The Play’s the Thing – the Importance of SF Staging

event imageFirst of all – apologies for the lateness of this post! I’ve been busy in a good way – the first of my full length plays, Terra Firma, is having a staged reading in London that, as you can imagine, I’m pretty ecstatic about. I’ve thoroughly enjoyed the rehearsal process – it’s one of the parts I love the most about the whole job as it were. But there is a reason for me to mention this – apart from a glorified plug.That is – when I’ve read SF theatre resources, most of them tend to be solely about the script itself. SF theatre does exist; here are some synopses and timelines and so on – but why do we need it? How does the added dimension of performing the marks on the page benefit the genre of SF that we don’t experience when we go to the cinema or sit in front of the TV? What is missing and what can be gained?

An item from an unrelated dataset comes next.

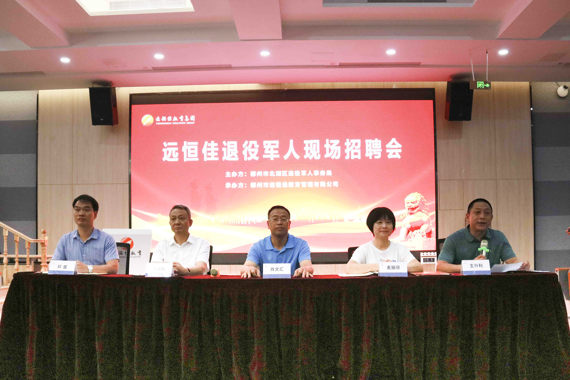 北湖區退役軍人事務局副局長肖文匯(左三),遠恒佳教育集團黨總支書記、董事長宋遠標(左二),集團董事、副總裁麥麗芬(右二),郴州遠恒佳學校副校長鄧盛(左一)參加招聘會,遠恒佳郴州公司總經理王開利(右一)主持招聘會。

The cast has been absolutely terrific; especially in their willingness to have a go at the interpretation of the words and the concepts. I’m very lucky to have a great director on board to really leave no stone unturned when examining each nuance, each turning point that the script provides. The conversations of how we could interpret this version of “altered reality” as closest to the way we live and have lived today. How we can act this out, seeing these speculative pressures affect our ways of living. I remember reading Jen Gunnels’ (the theatre editor of NYSF) blog Performing SF (who really gets the idea of analysing the importance of SF performance). You can find the site here. This quotation from August Schulenburg, artistic director, SF playwright and actor, from a guest post on the blog really drives this home:

Theatre is both a literal and symbolic act: that human body is really there, but pretends to be something else. This places theatre somewhere between the literal magic of film and the symbolic power of a book. The medium of theatre is the human body, and the imaginative acts it asks of its audience […] With theatre, then, it is with the human body that our imaginations find their primary point of engagement. Sci-fi theatre that tries to conjure the imaginative ask of a book or the detailed tell of a film will fail: That is not where its fundamental strength lies. Great sci-fi theatre lives in the power of a real human body reacting in real time to the imaginative pressures of speculative fiction. (Schulenberg, 2012)

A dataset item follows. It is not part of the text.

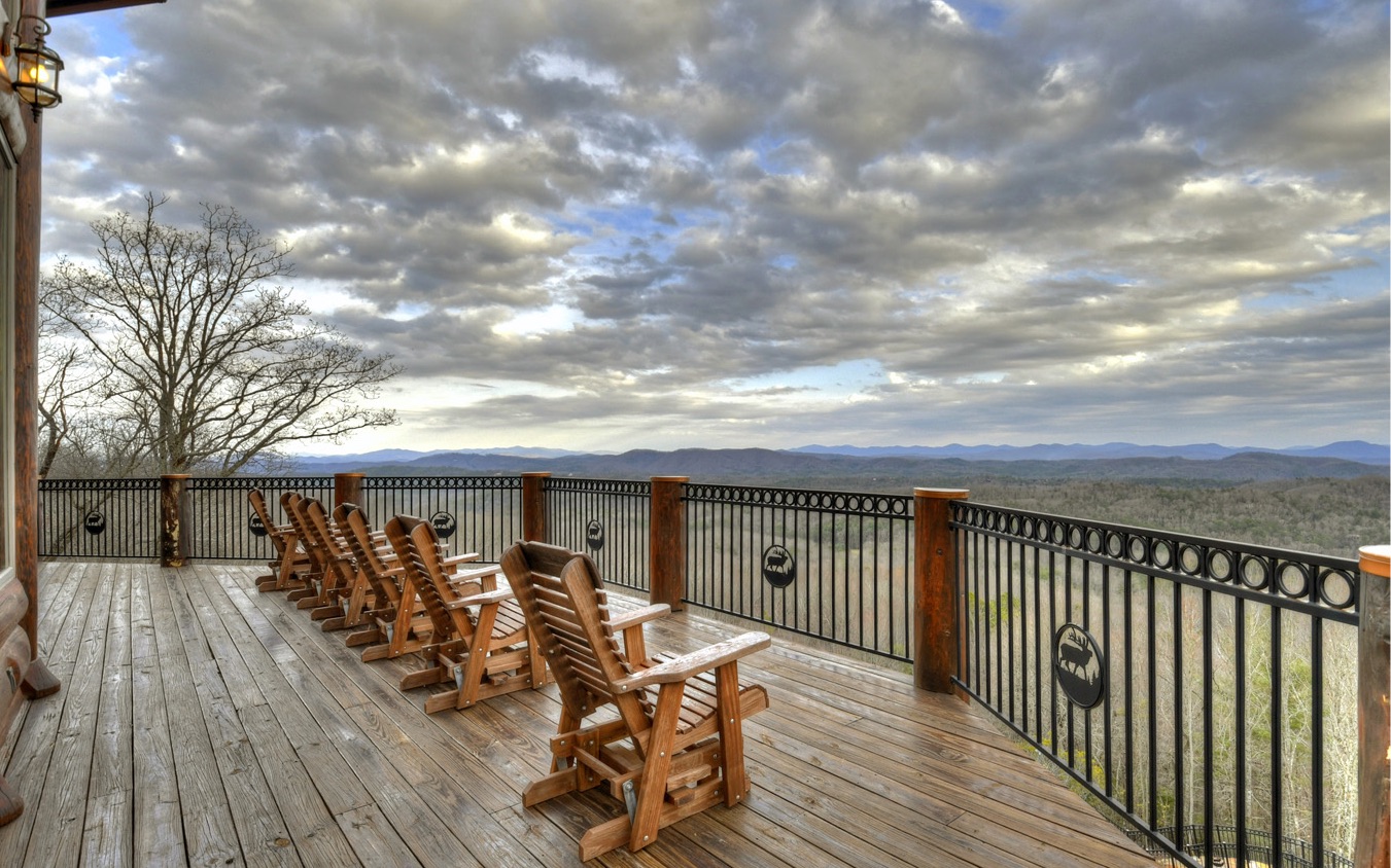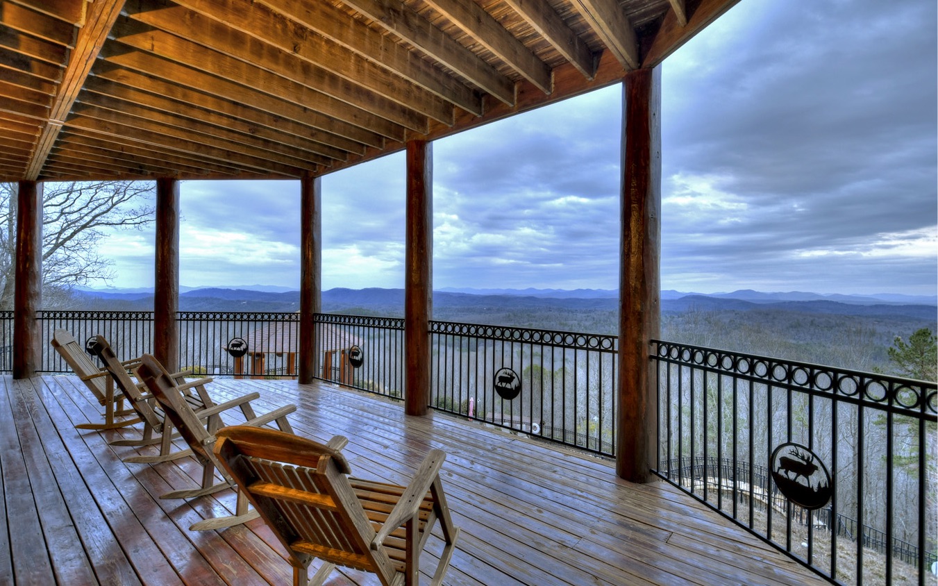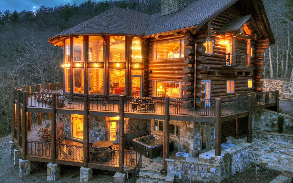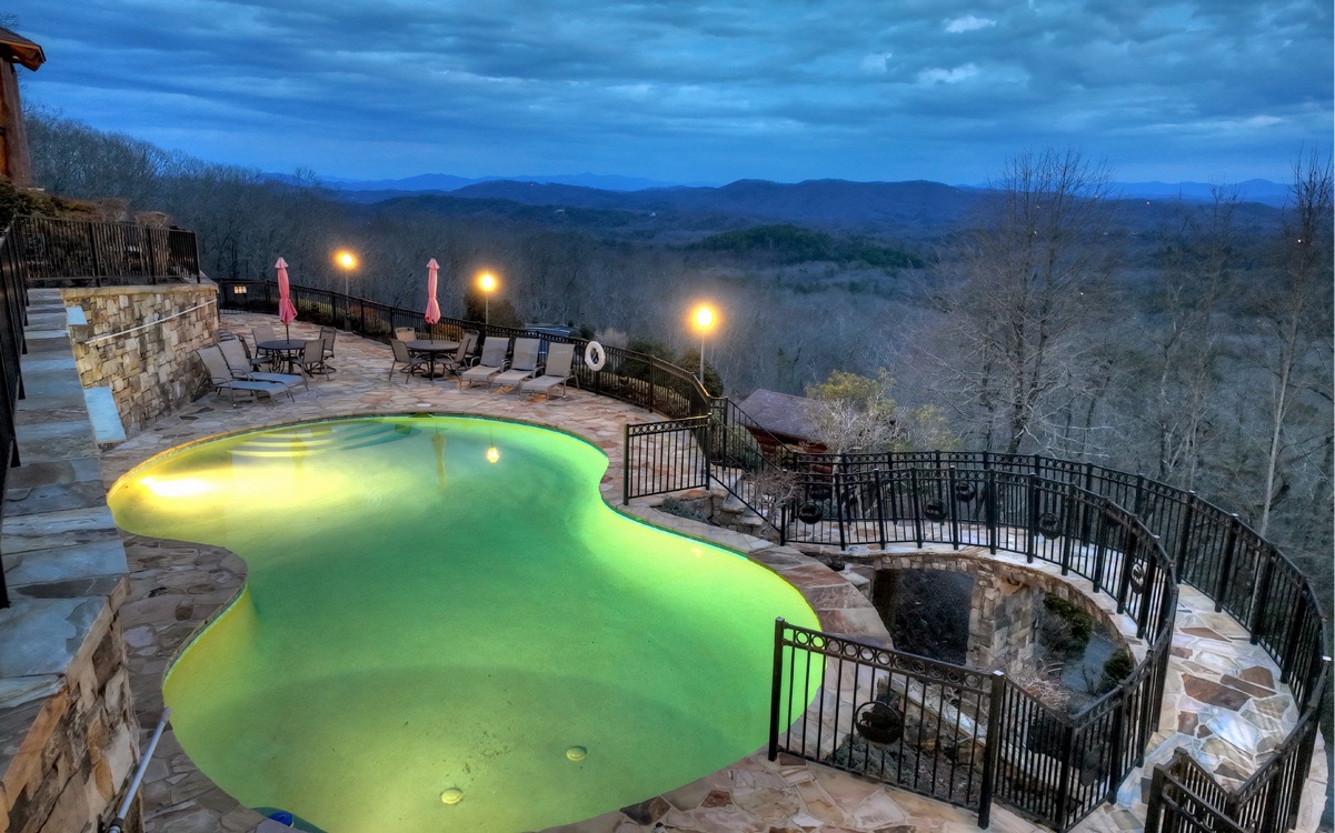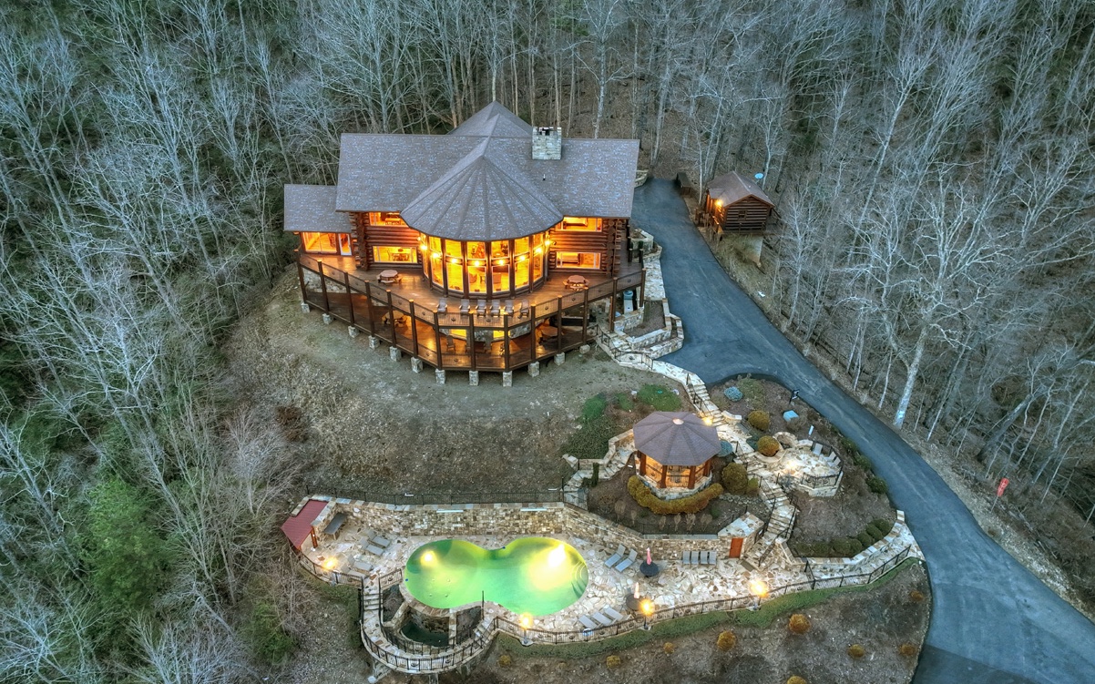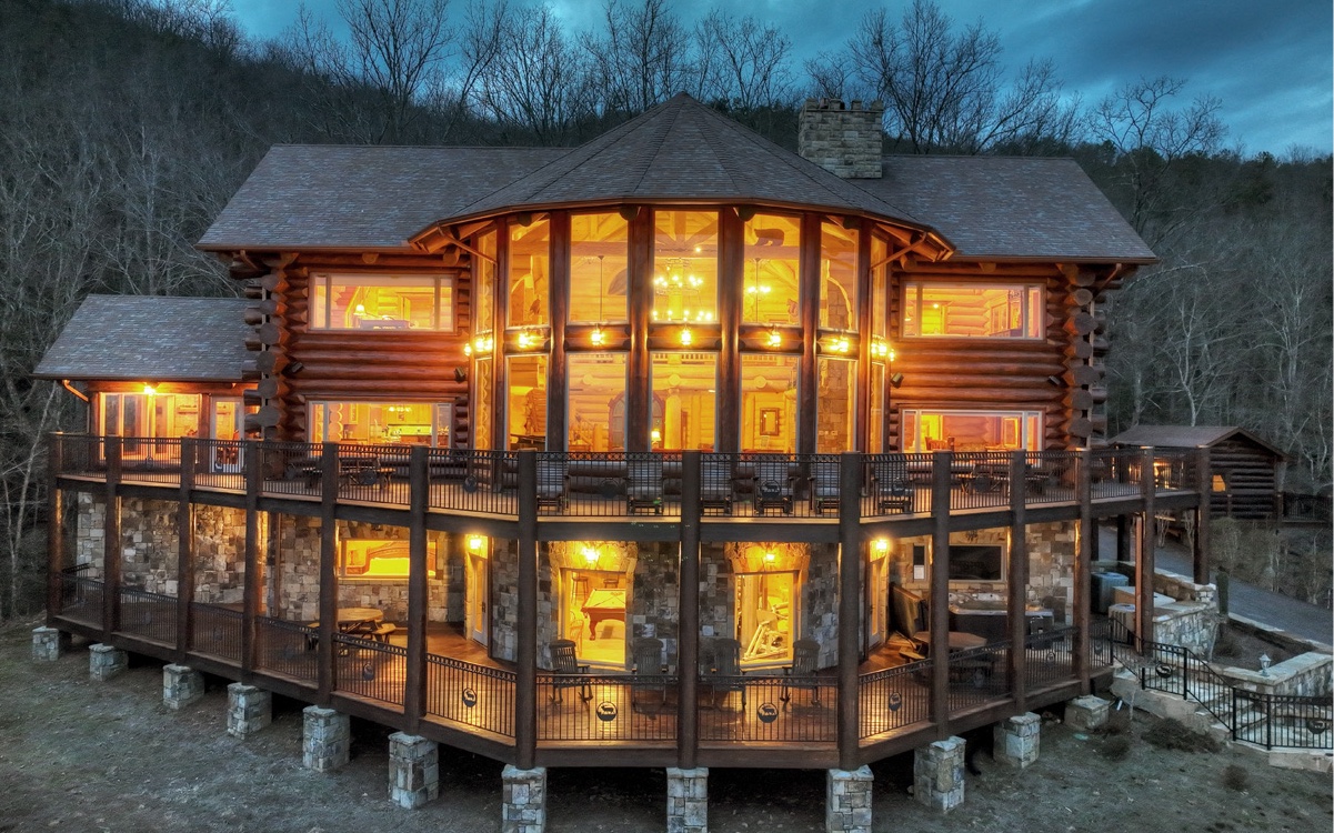 MAKE A STATEMENT IN THIS STUNNER.. British Columbian Cedar Log home is a masterpiece featuring every possible amenity.. Nearly Every Room stuns with a "view of the world" through these "walls of glass", 5bdrm suites, 4.5baths, home theatre, rec room w/ full kitchen & wet bar, fitness room, elevator shaft, executive office w/ gorgeous built-ins, large loft, intricate carvings throughout, massive stone fireplaces,baths feature detailed tile work, carved glass & fireplaces above jacuzzi tubs, 2 car garage, helicopter pad, sky high "massive timber" portico, in-ground "grande" hot tub & vanishing edge pool overlooking 180 degree 100 mile unobstructed mtn views!!! This Mountain Top Manor offers the life of the "rich & famous"-great for full time estate, mountain getaway, or corporate retreat & more..very private all paved access, and large tract offers ultimate privacy at top of mountain...Excellent rental history and fabulously furnished...showcase home!

As a result, the script of Terra Firma has transformed when it’s being visualised on stage – the aesthetics of a post-apocalyptic world, the devices of seeing and being seen being played out through a myriad of reflective sources (both explicit and implicit) emphasises the core messages of the play. It’s made me see the play in amazing new dimensions. This concept of the human body there, but pretending to be somewhere else – this really strikes a chord for me during the play, especially in rehearsal. Not only is there a distinct division between the characters’ personal and private demeanours, but also a disrupted temporality as the live and the mediatised struggle for dominance throughout the play.

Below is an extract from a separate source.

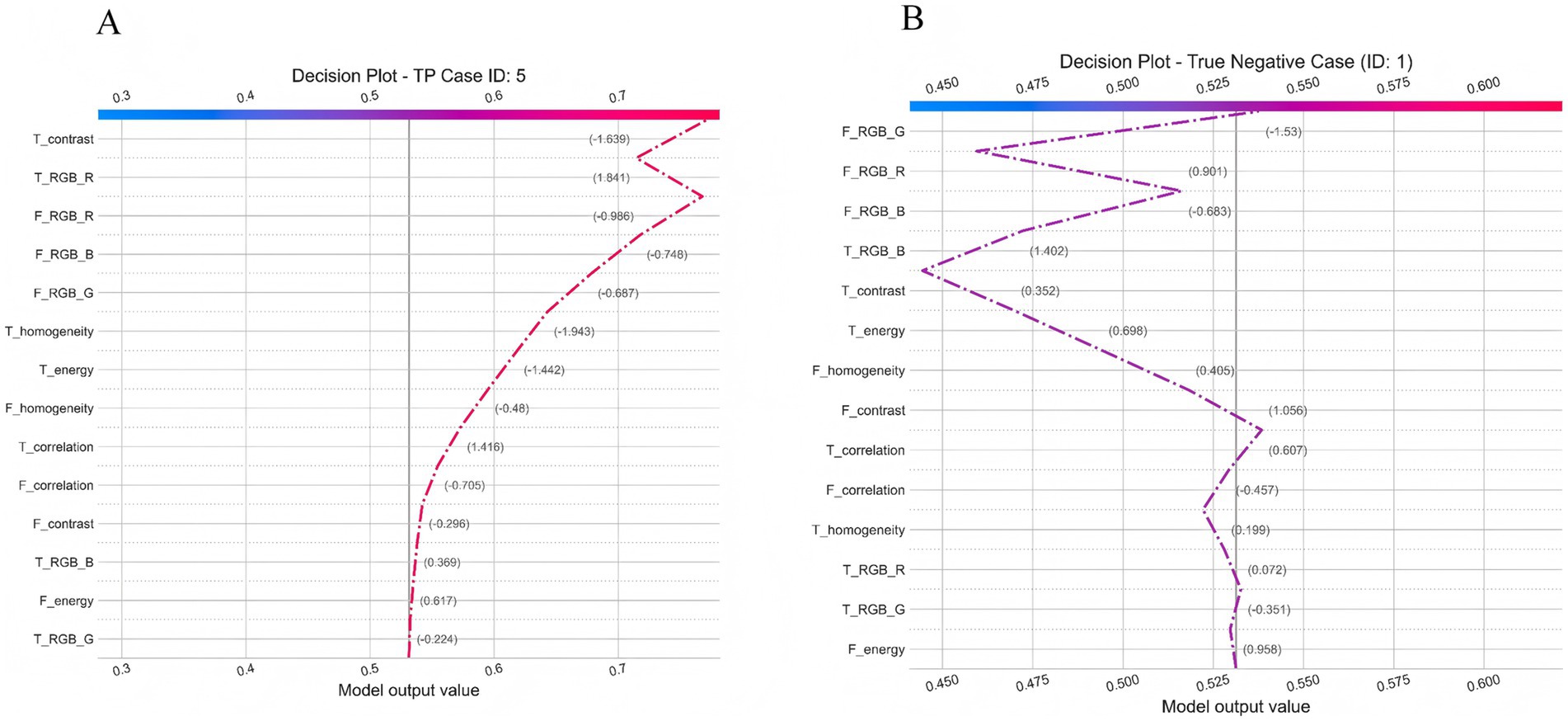 To visualize the model’s reasoning at the individual level, we generated SHAP decision plots for representative true-positive and true-negative cases. Only clinically interpretable facial and tongue color–texture features were included. The plots illustrated how each feature cumulatively influenced the prediction probability toward or away from CAD, revealing dominant contributors in each case (Nazim et al., 2025).

In 2012, I staged a short one act play called A Christmas Gift, where I was not quite prepared for how intense it would appear in the performance. I’ve written about it in an earlier blog post here.

There needs to be, I feel, a deeper focus on the production of SF playscripts, analysis of performance and the emphasis on the “liveness” of this (and of course, the concept of mixed media playing a part in how our lives are becoming increasingly mediatized through social media and so on). These aren’t new concepts by any means, but they are topics that now need attention more than ever.

Terra Firma is having its staged reading at the Etcetera Theatre, London, on the 25th and 26th February 2014.